HBO's John Adams series is really great

Catch it, if you can.



Part Four of the series airs this week and it is just the best of the first four. Paul Giamatti is just the embodiment of John Adams and has brought the Founding Father to life for me. Laura Linney, who plays his wife, has the most enchanting, dancing face and her portrayal of Adams' wife Abigail is pure delight.

In parts 3 and 4, we see the fat, liberal, phoney, shallow France portrayed in all its painted silliness and it seems to me that this is what America has become at the hands of liberals. But in those days the frivolous culture in France was shown transparent by the earnest culture of the young America. Today, the pampered liberal American establishment is shown to be cowardly fools by the new, evil power of Islamofascism.
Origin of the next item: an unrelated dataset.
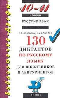 | Полное название книги | К. А. Войлова, В. В. Леденева 130 диктантов по русскому языку для школьников и абитуриентов. 10 - 11 классы |
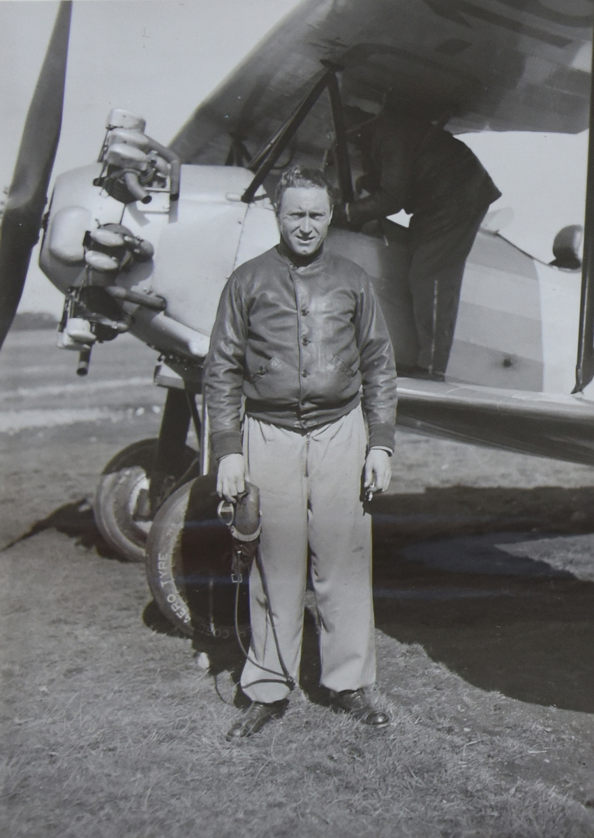 En man med en flygarhuva står framför ett militärt flygplan, omkring 1935-1937.

Like the painted France who couldn't hold its place in the world next to the hardworking upstart America , the liberal establishment in today's America can't possibly rise to the occasion to defeat evil and it won't.

The only thing I don't like about the series is the portrayal of Thomas Jefferson as a bit of a gay fob.

2 Comments:

Blogger Gayle said...

They portray Thomas Jefferson as a bit of a gay fob? Dang!

I haven't seen any of this series, Walker. Thanks for the head's up. :)

10:22 AM  
Blogger kevinwillis.net said...

Thomas Jefferson was a bit of a metrosexual, in his day. He liked to have other people fight his fights for him (James Madison), tended to be manipulative, and was absolutely in love with France, was dismissive of the bloodshed of the French revolution, hated being engaged in the real world of politics, and so on. In many ways, he was a classical liberal and radical--yet, unlike the modern day liberal, he was brilliant, thoughtful, and extraordinarily educated. John Adams (and others) tended to feel that Jefferson did not live in the real world--which in many ways he did not; he died hundreds of thousands of dollars in debt, which today would be the equivalent to dying tens of millions of dollars in debt. Still, John Adams recognized Jefferson's substantial intellect, and his brilliance.

I haven't seen John Adams, sadly, and I'm sure the portrayal may be off--it's about John Adams, after all--but Jefferson was a bit of an enigma, an unabashed Francophile, and a bit of a hypocrit--but a brilliant and substantial man, and if liberals today were of Jefferson's caliber, we'd have legitimate debates, not political assassinations. For conseratives, some of the greatests (well known) founding fathers would have to be John Adams and George Washington.

I'm listening to the Reagan Diaries, BTW. The last politician of founding father caliber, as far as I'm concerned: Ronaldus Magnus. Man, he was just everything you could want in a president, and his diaries reveal it clearly.